Problem description:
The records should be repeated word for word, pictures excluded.
### Data for analysis ###
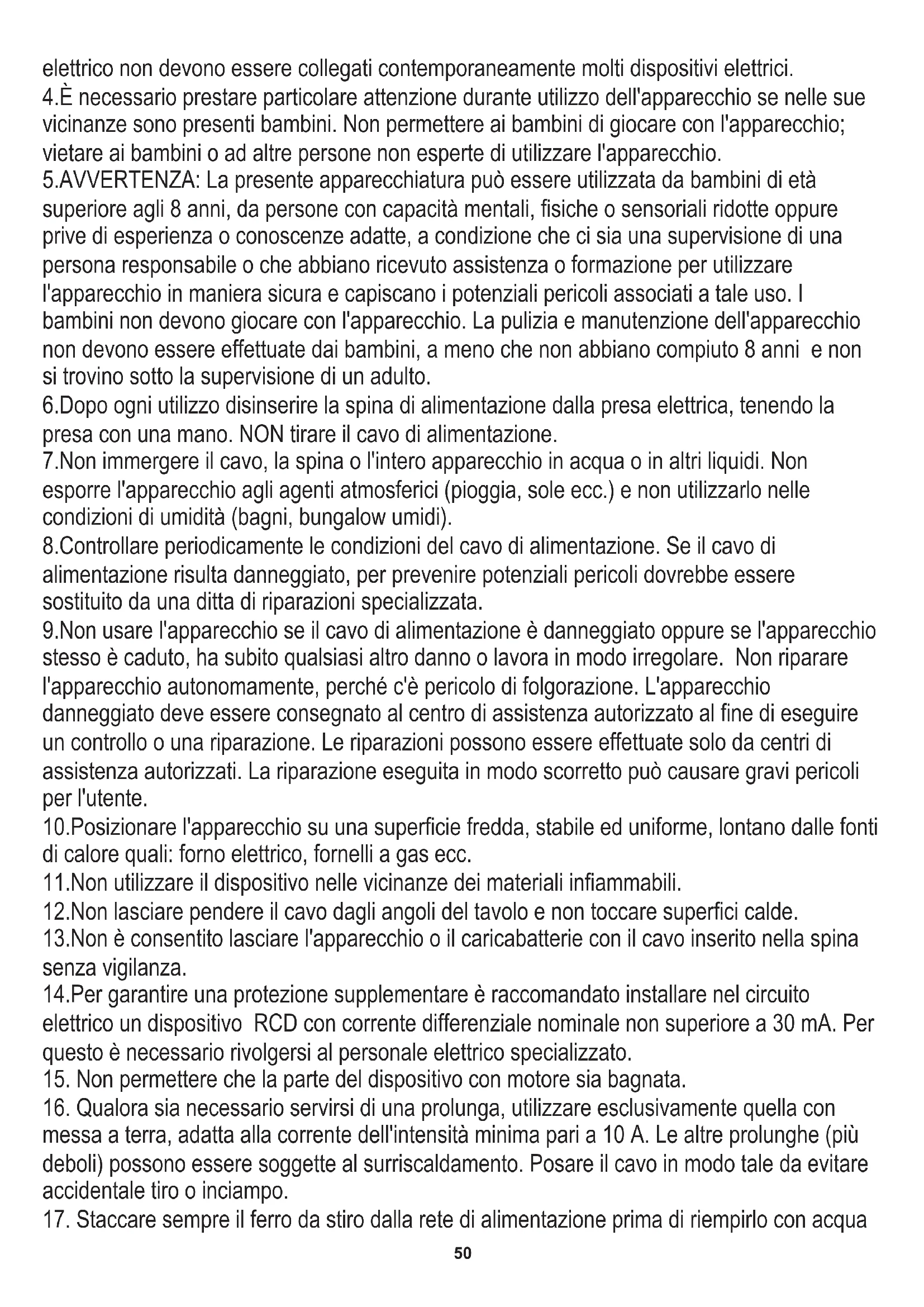 4.È necessario prestare particolare attenzione durante utilizzo dell'apparecchio se nelle sue vicinanze sono presenti bambini. Non permettere ai bambini di giocare con l'apparecchio; vietare ai bambini o ad altre persone non esperte di utilizzare l'apparecchio. 9.Non usare l'apparecchio se il cavo di alimentazione è danneggiato oppure se l'apparecchio stesso è caduto, ha subito qualsiasi altro danno o lavora in modo irregolare. Non riparare l'apparecchio autonomamente, perché c'è pericolo di folgorazione. L'apparecchio danneggiato deve essere consegnato al centro di assistenza autorizzato al fine di eseguire un controllo o una riparazione. Le riparazioni possono essere effettuate solo da centri di assistenza autorizzati. La riparazione eseguita in modo scorretto può causare gravi pericoli per l'utente. 10.Posizionare l'apparecchio su una superficie fredda, stabile ed uniforme, lontano dalle fonti di calore quali: forno elettrico, fornelli a gas ecc. 11.Non utilizzare il dispositivo nelle vicinanze dei materiali infiammabili. 7.Non immergere il cavo, la spina o l'intero apparecchio in acqua o in altri liquidi. Non esporre l'apparecchio agli agenti atmosferici (pioggia, sole ecc.) e non utilizzarlo nelle condizioni di umidità (bagni, bungalow umidi). 8.Controllare periodicamente le condizioni del cavo di alimentazione. Se il cavo di alimentazione risulta danneggiato, per prevenire potenziali pericoli dovrebbe essere sostituito da una ditta di riparazioni specializzata. 14.Per garantire una protezione supplementare è raccomandato installare nel circuito elettrico un dispositivo RCD con corrente differenziale nominale non superiore a 30 mA. Per questo è necessario rivolgersi al personale elettrico specializzato. elettrico non devono essere collegati contemporaneamente molti dispositivi elettrici. 50oppure quando il ferro da stiro non è utilizzato.
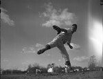 Bill "Cotton" Russell is the star pitcher on the Polytechnic High School baseball team. In 1945 Russell stared in the American baseball Legion. The talented right-hander will get the start in the Parrots opening game against the Amon Carter Riverside Eagles. Russell is shown standing on the rubber and entering his windup. He is dressed in a baseball uniform.
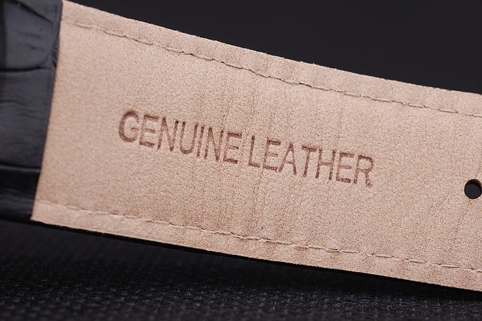 Bracelet: Black krokodil lederen band met ge mbossed Audemars Piguet naam en logo en een Audemars Piguet ingeschreven 18k rose vergulde flip-over hook clasp
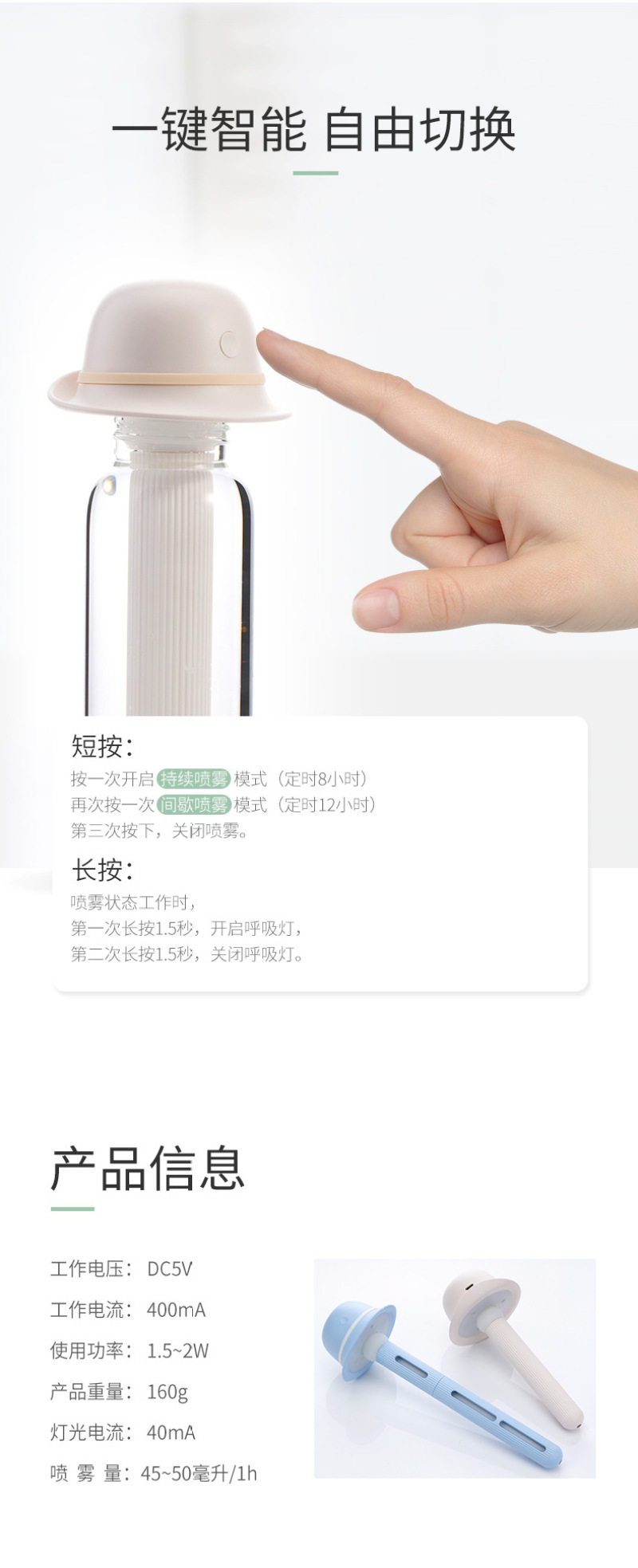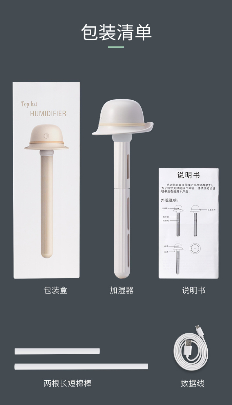 新款无水箱创意设计礼帽加湿器 usb充电夜灯雾化器迷你便携礼品
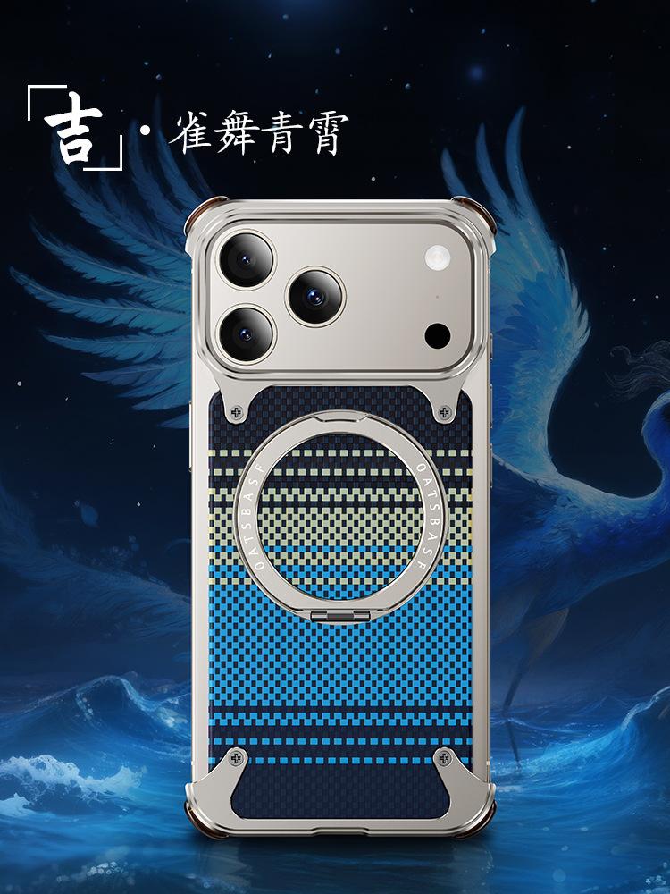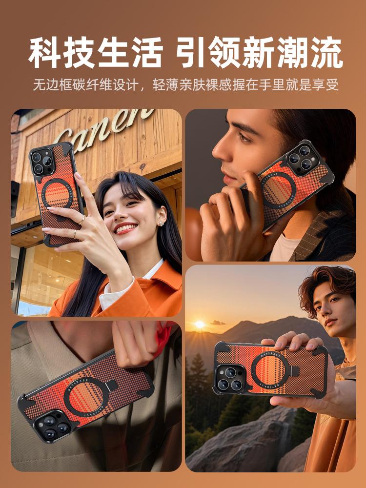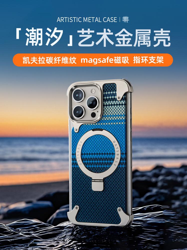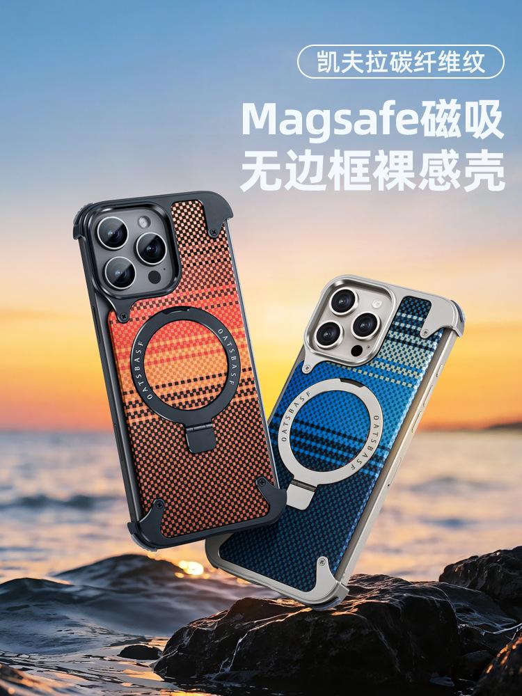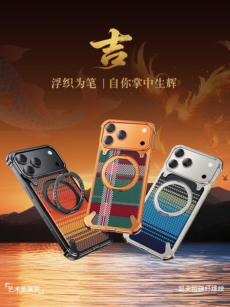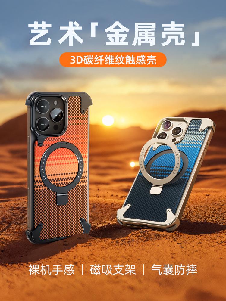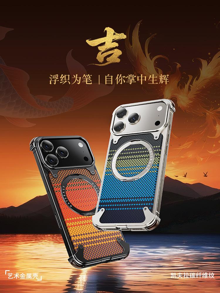 Kevlar es adecuado para la funda de teléfono de fibra de carbono Apple 17 Pro Max con soporte magnético giratorio, 16 Pm funda individual, a prueba de caídas
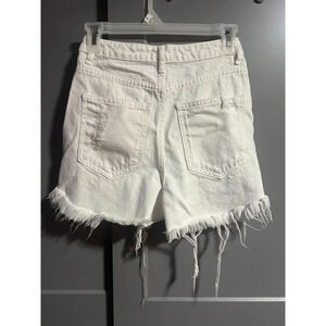 Show Me Your Mumu Blue Womens Wyoming High Waisted Shorts Fray Hem White Size 24
###
Solution to the exercise:
 4.È necessario prestare particolare attenzione durante utilizzo dell'apparecchio se nelle sue vicinanze sono presenti bambini. Non permettere ai bambini di giocare con l'apparecchio; vietare ai bambini o ad altre persone non esperte di utilizzare l'apparecchio. 9.Non usare l'apparecchio se il cavo di alimentazione è danneggiato oppure se l'apparecchio stesso è caduto, ha subito qualsiasi altro danno o lavora in modo irregolare. Non riparare l'apparecchio autonomamente, perché c'è pericolo di folgorazione. L'apparecchio danneggiato deve essere consegnato al centro di assistenza autorizzato al fine di eseguire un controllo o una riparazione. Le riparazioni possono essere effettuate solo da centri di assistenza autorizzati. La riparazione eseguita in modo scorretto può causare gravi pericoli per l'utente. 10.Posizionare l'apparecchio su una superficie fredda, stabile ed uniforme, lontano dalle fonti di calore quali: forno elettrico, fornelli a gas ecc. 11.Non utilizzare il dispositivo nelle vicinanze dei materiali infiammabili. 7.Non immergere il cavo, la spina o l'intero apparecchio in acqua o in altri liquidi. Non esporre l'apparecchio agli agenti atmosferici (pioggia, sole ecc.) e non utilizzarlo nelle condizioni di umidità (bagni, bungalow umidi). 8.Controllare periodicamente le condizioni del cavo di alimentazione. Se il cavo di alimentazione risulta danneggiato, per prevenire potenziali pericoli dovrebbe essere sostituito da una ditta di riparazioni specializzata. 14.Per garantire una protezione supplementare è raccomandato installare nel circuito elettrico un dispositivo RCD con corrente differenziale nominale non superiore a 30 mA. Per questo è necessario rivolgersi al personale elettrico specializzato. elettrico non devono essere collegati contemporaneamente molti dispositivi elettrici. 50oppure quando il ferro da stiro non è utilizzato.
 Bill "Cotton" Russell is the star pitcher on the Polytechnic High School baseball team. In 1945 Russell stared in the American baseball Legion. The talented right-hander will get the start in the Parrots opening game against the Amon Carter Riverside Eagles. Russell is shown standing on the rubber and entering his windup. He is dressed in a baseball uniform.
 Bracelet: Black krokodil lederen band met ge mbossed Audemars Piguet naam en logo en een Audemars Piguet ingeschreven 18k rose vergulde flip-over hook clasp
 新款无水箱创意设计礼帽加湿器 usb充电夜灯雾化器迷你便携礼品
 Kevlar es adecuado para la funda de teléfono de fibra de carbono Apple 17 Pro Max con soporte magnético giratorio, 16 Pm funda individual, a prueba de caídas
 Show Me Your Mumu Blue Womens Wyoming High Waisted Shorts Fray Hem White Size 24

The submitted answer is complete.